Correctness: some mappings offer a higher level of correctness than others. Identity mapping, for example, is correct for many - but certainly not all - packages. Resolving a dependency via a locally installed package offers a higher guarantee of correctness.
Transparency: we should be able to trace back what mapping was used to resolve any given dependency. This allows users to discover where they may improve the information passed to FawltyDeps (e.g. using --pyenv to point at the most appropriate Python environments).
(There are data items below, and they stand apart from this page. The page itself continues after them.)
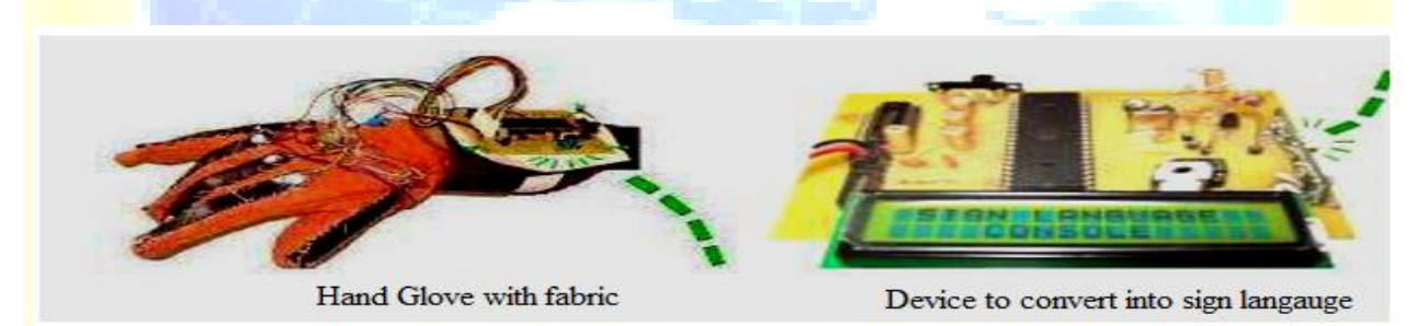
Fig 6. Example of SLC

form and is transmitted to the console unit by using an RF trans-receiver module, which is also mounted on the glove. By combining the sensor output of each finger and the output signal of the accelerometer, we derive the information signal, which is used by the microcontroller to detect the sign. The microcontroller in the console-unit compares the received data with the data, which is already stored in the memory while calibrating the console. When a perfect match is found, the meaning of the corresponding gesture i.e. a word is displayed on the display device. <sup>[2, 8]</sup>
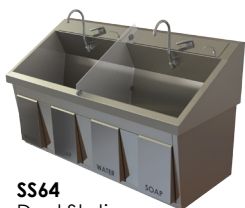
SS64 Dual Station
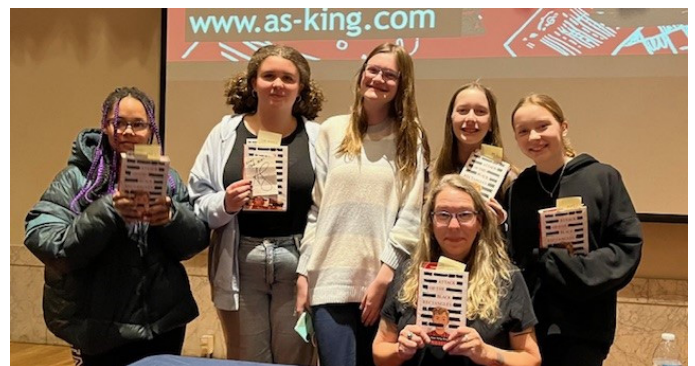
Obama's middle school book club participated in a book talk with author A.S. King.

Although Obama Academy has yet to return to its pre pandemic high of IB engagement, when the majority of seniors sat for exams, it is clear that testing levels are on the rise.
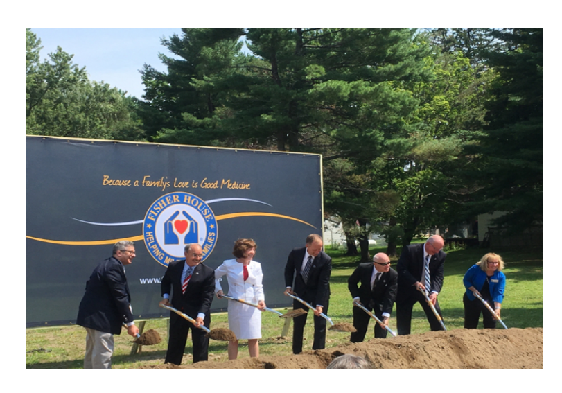
VA Maine HCS Groundbreaking
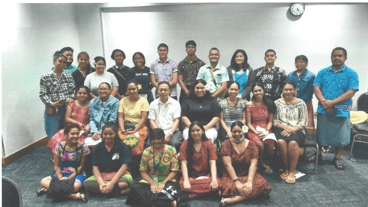
USP Samoan 1 st year students during a Welcoming meeting with Samoa High Commission representatives on the students first Sunday [20 March 2022] while in quarantine in hotels following their arrival in Fiji.

Light refreshments were served following the conclusion of the meeting.
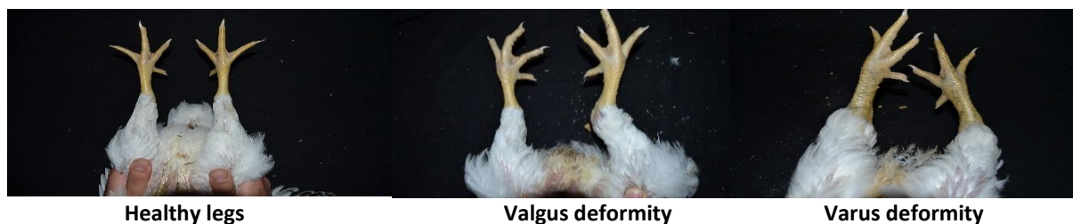
Figure 1. Healthy leg, valgus and varus deformities in broilers

For valgus-varus deformity (VVD) and gait score (GS), 56 birds of each genotype were used at 28, 35 and 42 days. The angulation (in degrees) of the tibiotarsal-tarsometatarsal joint was measured separately in both legs using a digital goniometer to determine VVD. One end of the goniometer was placed parallel along the tibio-tarsus, while the other end was placed parallel along the tarso-metatarsus (van den Brand et al. 2022). All measurements were performed by a single person. Illustrations of healthy leg and valgus and varus deformities are shown in Figure 1.
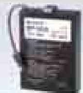
BP-50A NiCd Rechargeable Battery
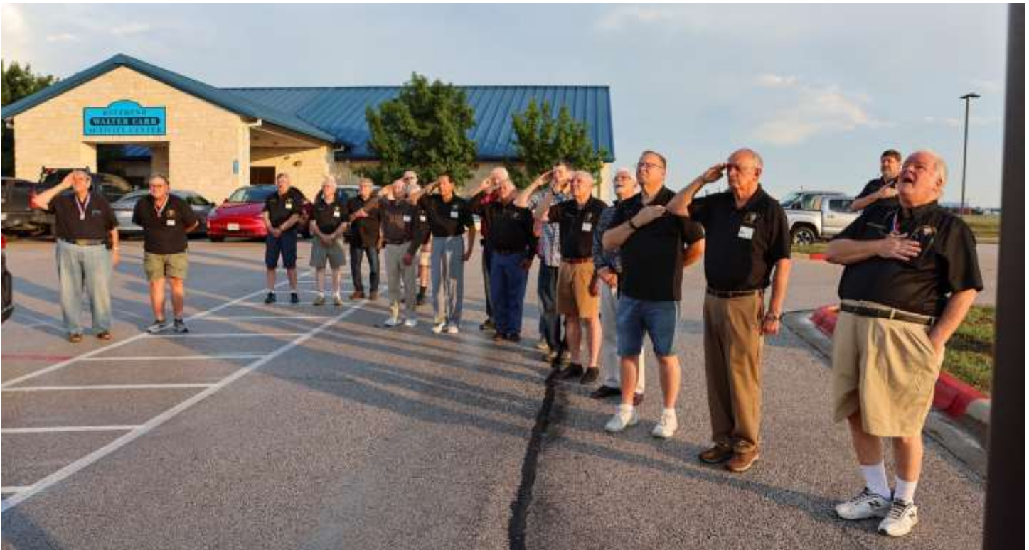
Assembly members salute the flag, or place their hands over their hearts, as they watch the hoisting of the flags. Monsignor Carr Hall can be seen in background.
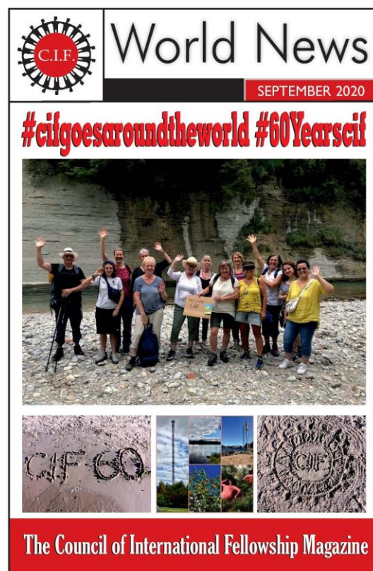
Cover WN Summer 2020

The World News is a magazine produced twice a year (Summer and Winter) with the purpose of informing, exchanging ideas and networking for CIF members and the general public. Included are all of the "happenings", updates of the organization, including information on events, issues, accomplishments, projects, exchange programs and much more.

It also makes it much easier for us to diagnose where FawltyDeps itself might be improved.

First, let’s start by repeating our available strategies:

Identity mapping: The simplest strategy, but also the worst. We would like to avoid using it as much as possible.
Looking at locally installed packages: Our best option in terms of correctness, but not always complete: sometimes we have to concede that not all dependencies are available in a local Python environment, so we still need a fallback strategy.
Installing packages (from PyPI) into a temporary virtualenv: The ultimate fallback solution, but quite heavy-weight, and not always suitable (e.g. in a restricted CI environment). Hence, we put this behavior behind the --install-deps option.
Custom/user-defined mapping: Allow the user to have the final say in how dependencies are mapped into imports. This strategy should override the other strategies, but we expect few users will want to go through the fuss of defining their own mapping, so we cannot rely on this being used commonly.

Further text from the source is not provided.